O dispositivo, como se sabe, trata da colaboração espontânea nos crimes de lavagem de dinheiro. Estabelece os seus requisitos e consequências jurídicas, com relação a pena a ser aplicada, até admitindo a não aplicação da pena.
O ato de delação há de ser espontâneo, pois não pode ser um ato provocado por terceiro.
Disseram Gustavo Henrique Badaró e Pierpaolo Cruz Bottini (lavagem de dinheiro, 2ª edição, pág. 172) que a lei não estabeleceu, entre as frações variáveis de 1/3 a 2/3 de redução da pena, qual o critério a ser seguido pelo julgador para aplicar a redução mínima ou mesmo um patamar intermediário.
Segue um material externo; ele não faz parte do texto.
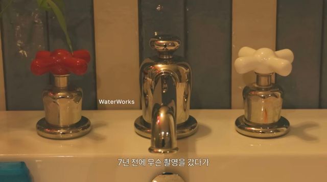 화장실입니다. 특히 세심하게 신경쓴 아이템은 바로 워터웍스의 수전 꼭지인데, LA 촬영 중 단단히 반해 한국에 돌아온 뒤 직접 수소문했다고 해요. 꼭 애니메이션에 나올 법한 통통한 수도꼭지죠?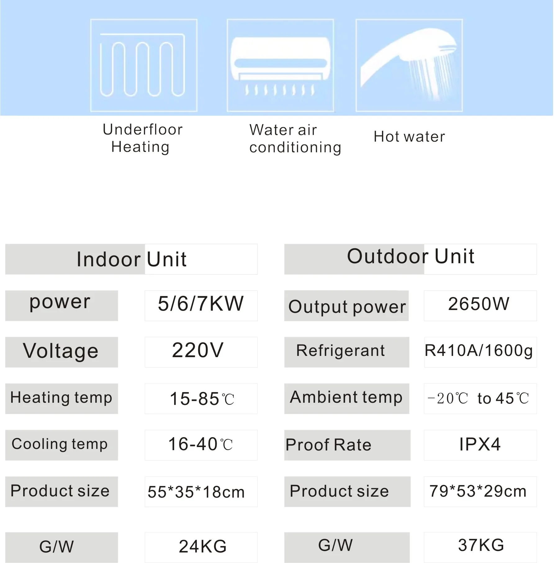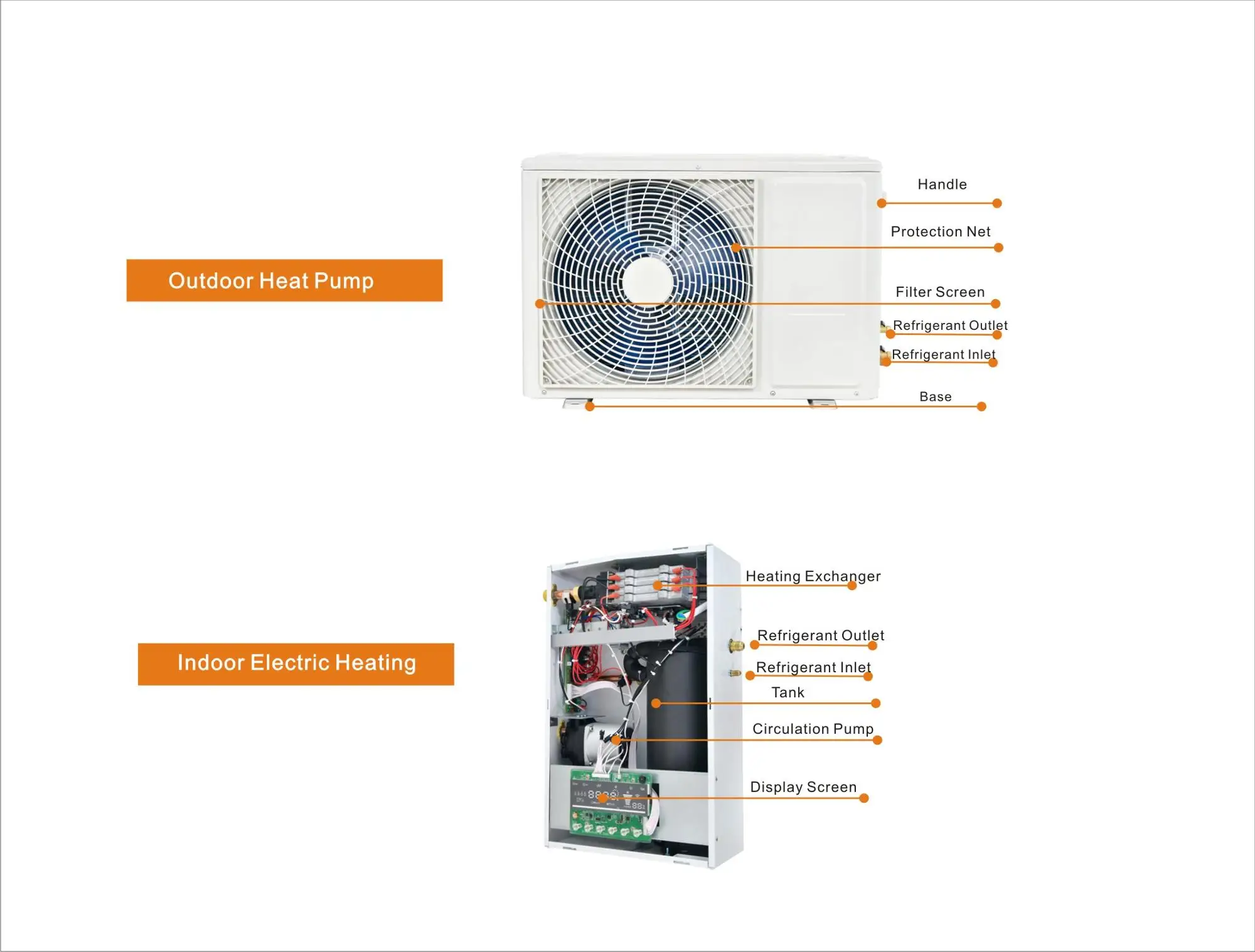 - Sealed system (With Grundfos Pump and expension vessel) - Silent in Operation - Suitable for underfloor heating and radiator\t - Suitable for Central Heating. - Fault code display Function - Thermal Cut-out - Infrared remote control - Touch operation panel,LED large screen display - Anti-freezing protect - Timing start up and shutdown function.

O critério a ser seguido deverá, sem dúvida, ser a eficácia da delação, seja em termos de atingimento das finalidades previstas, na lei, seja em relação ao conjunto de elementos que o delator forneça para confirmar as suas declarações.
Sob o ponto de vista processual, a delação consiste na afirmação feita por um acusado ao ser interrogado em juízo ou ouvido extrajudicialmente, pela qual além de confessar a autoria de um fato criminoso, igualmente atribui a um terceiro a participação no crime como seu comparsa.
Trata-se de um meio de prova, mas para que seja considerada, há a necessidade da presença de três requisitos: a) o corréu que fez a delação tenha confessado a sua participação no crime; b) a delação encontre amparo em outros elementos de prova existentes nos autos; c) no caso de delação extrajudicial, que tenha sido confirmada em juízo. Sem esses requisitos e sem que tenha sido respeitado o contraditório, com possiblidade de reperguntas pelas partes, a delação não tem qualquer valor, sendo um ato que é destituído de eficácia jurídica.
Há importantes pontos quanto ao instituto que são objeto da Lei 13.964/19.
A nova lei anticrime, em vigor desde o dia 23 de janeiro de 2019, impôs uma maior disciplina à negociação entre os colaboradores.
Estabelece o artigo Art. 3º-A, da Lei 13.964, que “O acordo de colaboração premiada é negócio jurídico processual e meio de obtenção de prova, que pressupõe utilidade e interesse públicos”.
*É procurador da República com atuação no RN aposentado.